Watson’s 10 ‘Caritas’ & Caritas 1 in the library

This snail has a gorgeous brown and white pattern on its shell. It is photographed from the front but is turning to look to the left.
Crackers93. Snail. Some rights reserved. (Flickr).

Jean Watson is a nurse educator, creator of the transpersonal caring science philosophy and founder of the Watson Caring Science Institute. Central to Watson’s caring science are the Caritas: ten guidelines for the creation and maintenance of authentic, caring healing and learning environments (1).

I would love to live and work in such an environment! And so I reflect on the first Caritas:

Sustaining humanistic-altruistic values by practice of loving-kindness, compassion and equanimity with self/others (2).

I see three dimensions to this Caritas. The first dimension I see talks to values: this Caritas asks us to value each *human life we encounter for its own sake: life and individual lives are intrinsically precious. Intrinsically precious: before and beyond religion or science, life is precious because it is precious.

The second dimension of this Caritas suggests that it is possible to lose touch with this value — that it is necessary to sustain it. And ain’t that the truth! Reading the Caritas on my verandah at 6am on a Saturday morning with the weekend ahead of me and the birds singing in the garden, the preciousness and beauty of life is obvious. Helping a client find what they need for their assignment and sharing that aha! moment with them: yes, it’s there too. But I might find myself in a different situation: feeling overwhelmed by another phone call while I am already trying to answer one query, and have a last look at the reading I was supposed to do before a meeting in ten minutes. The preciousness of life is not so obvious to me in these moments.

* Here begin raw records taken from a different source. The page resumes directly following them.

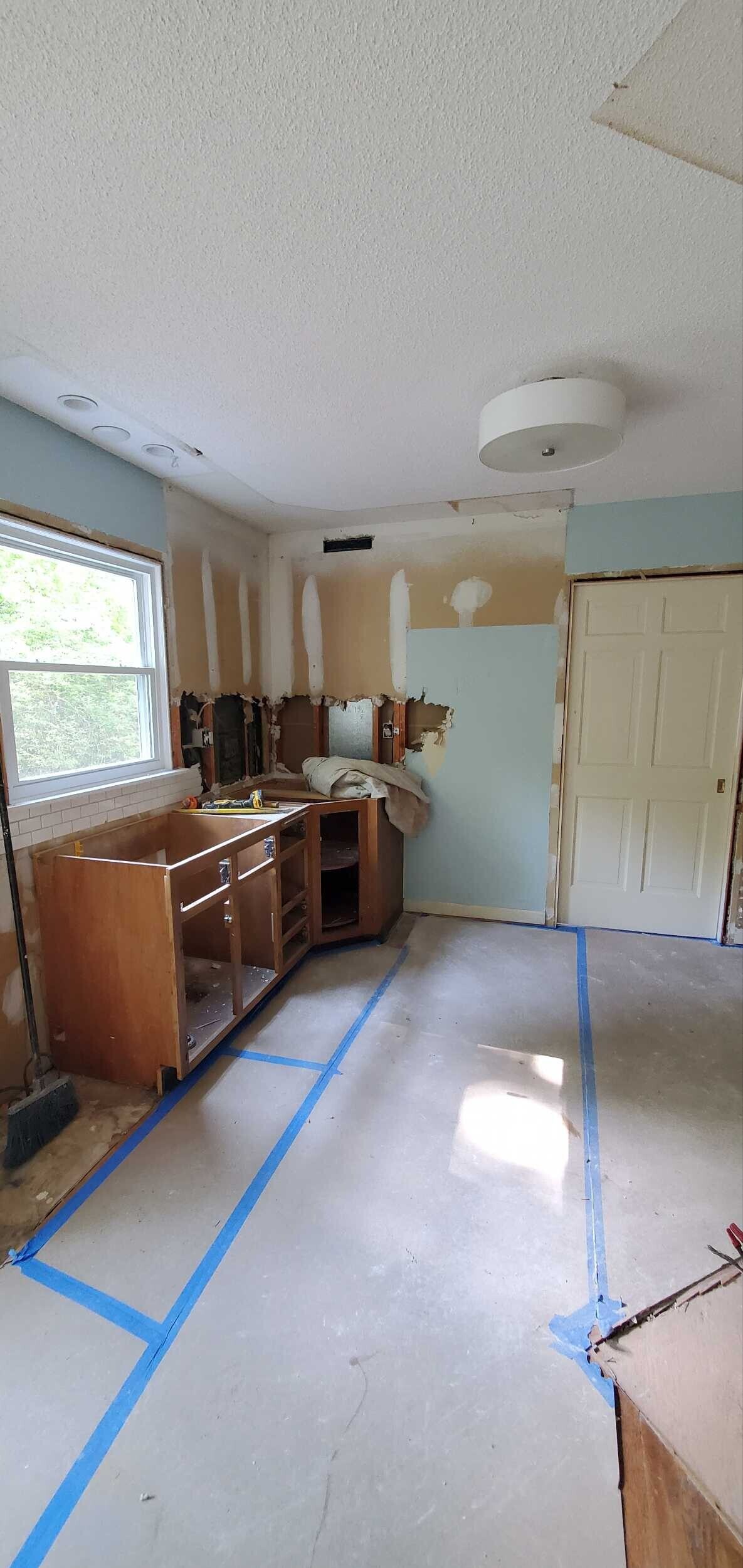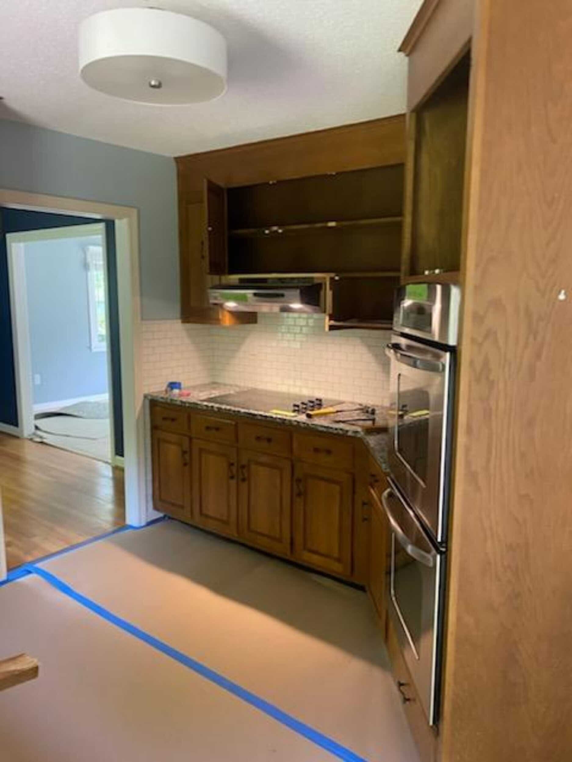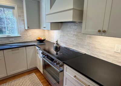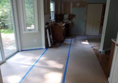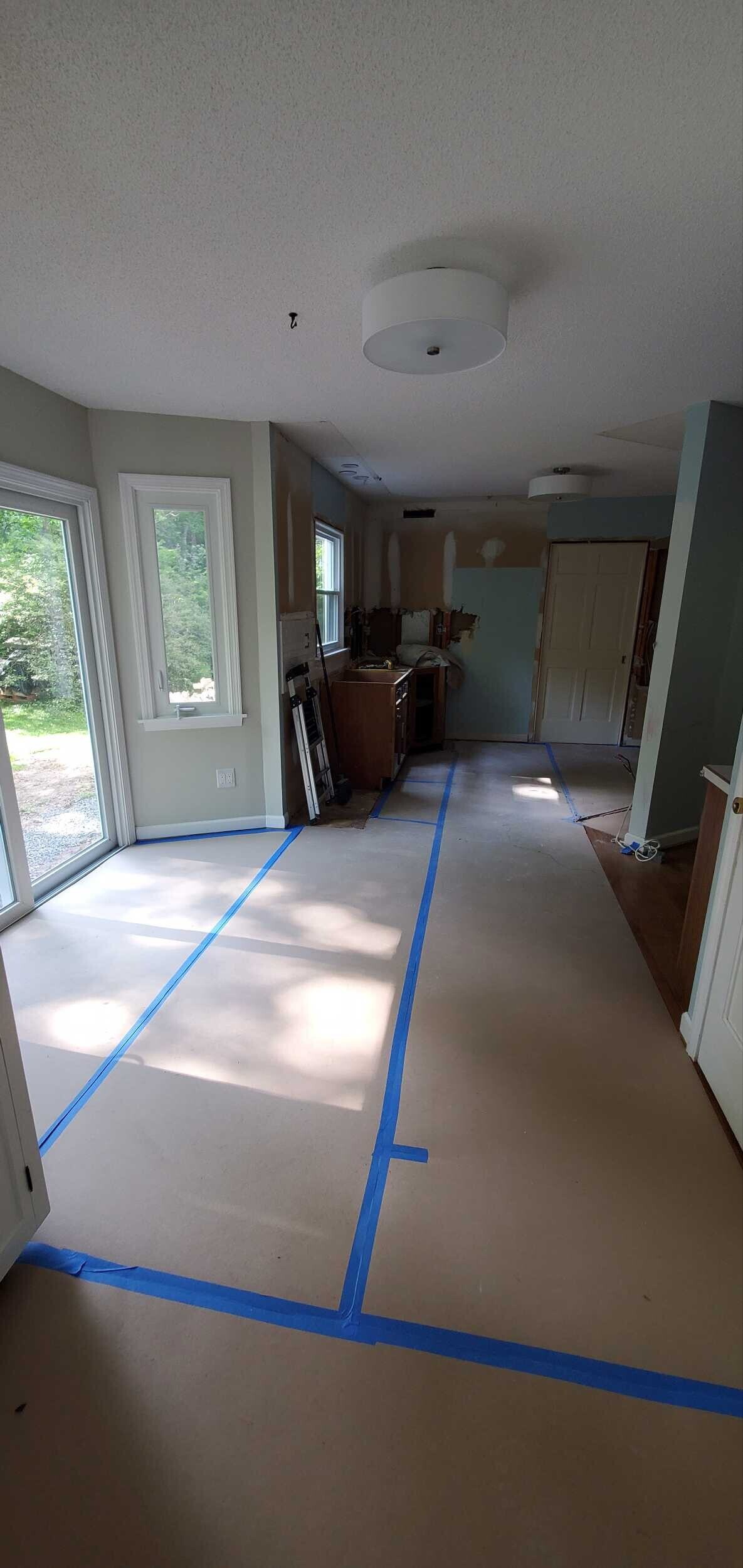 Inside the home, we transformed the existing kitchen, dining room, and living room layout into one large, open-concept great room. The new design allowed the kitchen to expand into the former dining area, making room for a large island and peninsula. We refinished all the hardwood floors on the main level, added a walk-in pantry, rebuilt the stairs and railing, installed a new front door with two sidelights, and fully renovated the first-floor half bathroom. We also updated electrical and lighting throughout and completed the project with a fresh coat of paint.
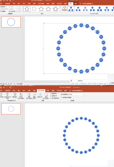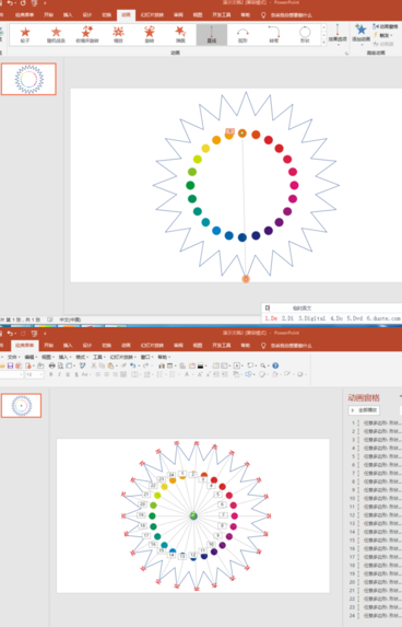 播放幻灯片,欣赏圆形运动、造型变幻的奇妙效果。路径不同,延迟时间不同,变幻效果也不同。
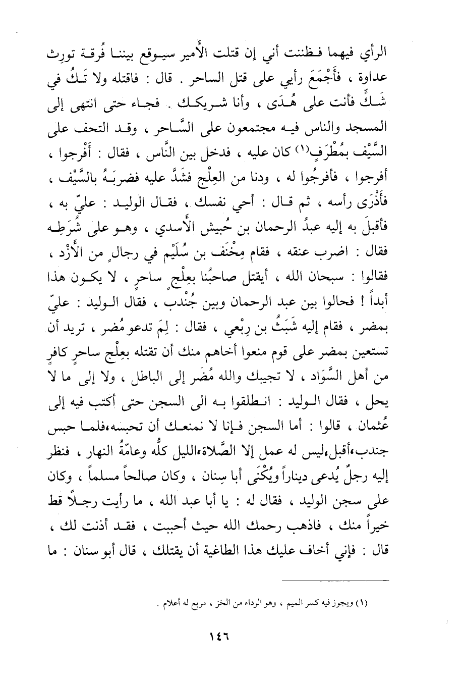 الرَّأْيَ فِيهِمَا فَظَنَنْتُ أَنِّي إِنْ قَتَلْتُ الأَمِيرَ سَيُوقِعُ بَيْنَنَا فُرْقَةً تُورِثُ عَدَاوَةً، فَأَجْمَعَ رَأْيِي عَلَى قَتْلِ السَّاحِرِ. قال: فَاقْتُلْهُ ولا تَكُ فِي شَكٍّ فَأَنْتَ عَلَى هُدًى، وأَنَا شَرِيكك. فَجَاءَ حَتَّى انْتَهَى إِلَى الْمَسْجِدِ والنَّاسُ فِيهِ مُجْتَمِعُونَ عَلَى السَّاحِرِ، وقَدِ الْتَحَفَ عَلَى السَّيْفِ بِمُطْرَفٍ (1) كَانَ عَلَيْهِ، فدخل بين الناس، فقال: أفرحوا، أَفْرِجُوا، فَأَفْرَجُوا لَهُ، ودَنَا مِنَ الْعِلْجِ فَشَدَّ عَلَيْهِ فَضَرَبَهُ بِالسَّيْفِ، فَأَذْرَى رَأْسَهُ، ثُمَّ قال: أَحْيِ نَفْسَكَ، فَقَالَ الْوَلِيدُ: عَلَيَّ بِهِ، فَأَقْبَلَ بِهِ إِلَيْهِ عَبْدُ الرَّحْمَنِ بْنُ حُبَيْشٍ الأَسَدِيُّ، وهُوَ عَلَى شُرَطِهِ فَقَالَ: اضْرِبْ عُنُقَهُ، فَقَامَ مِخْنَفُ بْنُ سُلَيْمٍ فِي رِجَالٍ مِنَ الأَزْدِ، فَقَالُوا: سُبْحَانَ اللَّه، أَيُقْتَلُ صَاحِبُنَا بِعِلْجٍ سَاحِرٍ، لا يَكُونُ هَذَا أَبَدًا! فَحَالُوا بَيْنَ عَبْدِ الرَّحْمَنِ وبَيْنِ جُنْدُبٍ، فَقَالَ الْوَلِيدُ: عَلَيَّ بِمُضَرَ، فَقَامَ إِلَيْهِ شَبَثُ بْنُ رِبْعِيٍّ، فَقَالَ: لِمَ تَدْعُو مُضَرَ، تُرِيدُ أَنْ تَسْتَعِينَ بِمُضَرَ عَلَى قَوْمٍ مَنَعُوا أَخَاهُمْ مِنْكَ أَنْ تَقْتُلَهُ بِعِلْجٍ سَاحِرٍ كَافِرٍ مِنْ أَهْلِ السَّوَادِ، لا تُجِيبُكَ واللَّهِ مُضَرُ إِلَى الْبَاطِلِ، ولا إِلَى مَا لا يَحِلُّ، فَقَالَ الْوَلِيدُ: انْطَلِقُوا بِهِ إِلَى السِّجْنِ حَتَّى أَكْتُبَ فِيهِ إِلَى عُثْمَانَ، قَالُوا: أَمَّا السِّجْنُ فَإِنَّا لا نَمْنَعُكَ أَنْ تَحْبِسَهُ، فَلَمَّا حُبِسَ جُنْدُبٌ، أَقْبَلَ، لَيْسَ لَهُ عَمَلٌ إِلا الصَّلاةَ، اللَّيْلَ كُلَّهُ وعَامَّةَ النَّهَارِ، فَنَظَر إِلَيْهِ رَجُلٌ يُدْعَى دِينَارًا ويُكْنَى أَبَا سِنَانٍ، وكَانَ صَالِحًا مُسْلِمًا، وكَانَ عَلَى سِجْنِ الْوَلِيدِ، فَقَالَ لَهُ: يَا أَبَا عَبد اللَّهِ، مَا رَأَيْتُ رَجُلا قَطُّ خَيْرًا مِنْكَ، فَاذْهَبْ رَحِمَكُ اللَّه حَيْثُ أَحْبَبْتَ، فَقَدْ أَذِنْتُ لَكَ، قال: فَإِنِّي أَخَافُ عَلَيْكَ هَذَا الطَّاغِيَةَ أَنْ يَقْتُلَكَ، قال أبو سنان: ما

The third dimension of the Caritas suggests we might sustain the value of life (or perhaps consciously reconnect to it) by practicing loving-kindness, and compassion, remaining calm and composed, first with self and also with others.

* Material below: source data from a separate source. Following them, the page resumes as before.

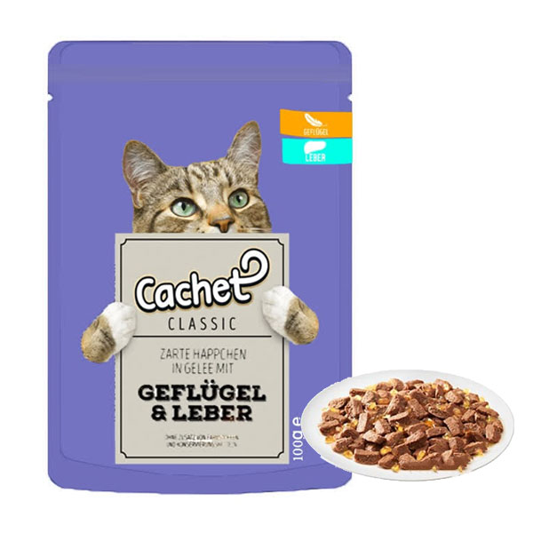 پوچ گربه کچت طعم گوشت پرندگان و جگر در ژله - وزن (100 گرم)
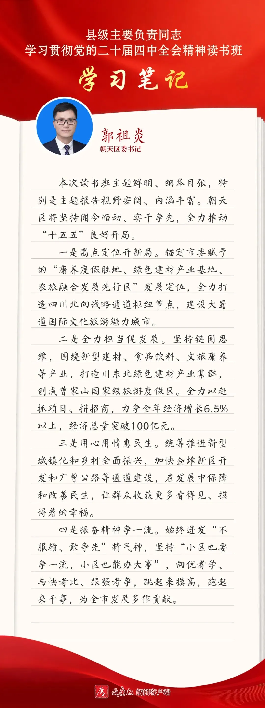 >读书班学习笔记|朝天区委书记 郭祖炎:奋进十五五 实干开新局
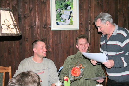 Mario Muhs (b.m.), Zugführer des Sanitätszuges, erhält aus den Händen des Kreisbereitschafttsleiters (r.i.b.), Werner Ziegenhagen, seine Ehrenurkunde und die Auszeichnungsspange für zehn Jahre Mitarbeit im Sanitätszug.
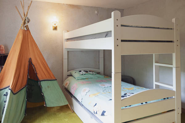 La maison peut accueillir confortablement 9 personnes et dispose de 5 chambres agréables, réparties entre le premier et le deuxième étage. Trois chambres sont équipées d'un lit double confortable, tandis que les deux chambres d'enfants sont équipées de lits simples et superposés, ce qui est idéal pour les familles ou les séjours entre amis.

First with self: well, this is “my one wild and precious life” (3). Can I be kind to myself first? What would that look like? Would it look like an interruption to my habit of saying yes, sure, I will get that to you in 5 minutes. Can I instead breathe and look at my schedule and say Just a moment, I will be able to get to that this afternoon/tomorrow/when I see you on Wednesday. Would it sometimes even look like muting the phone or turning off email for a few minutes to give myself some time to do that reading/thinking/creating? It feels good to just imagine that. And I can also imagine a flow-on: being able to be fully present in conversations rather than being distracted by the things I need to get to right now, or even an hour ago. And being able to give a thoughtful, considered response that draws on all of me, not just the autopilot.

Maybe this is a good week for Cartitas 1. 🙂

*human life, or maybe all life and lives! trees, animals, rivers, the planet, the solar system, the sun, all of it.

 photo credit

Crackers93. Snail. Some rights reserved. (Flickr).

other sources

  1. Sitzman, K., & Watson, J. (2016). Watson’s caring in the digital world: A guide for caring when interacting, teaching, and learning in cyberspace. New York, NY: Springer.
  2. Watson, J. (n.d.). 10 Caritas Processes. Retrieved from https://www.watsoncaringscience.org/jean-bio/caring-science-theory/10-caritas-processes/
  3. Oliver, M. The summer day [poem]. Retrieved from https://www.loc.gov/poetry/180/133.html

 

vulnerability

This is a close-up phtograph of a slug in a field of poppies. The slug is reaching from one poppy stalk to a flower on another stalk. Theorange poppy the slug reached toward is the brightest object in the photo.
Slug. Some rights reserved by Joi (Flickr).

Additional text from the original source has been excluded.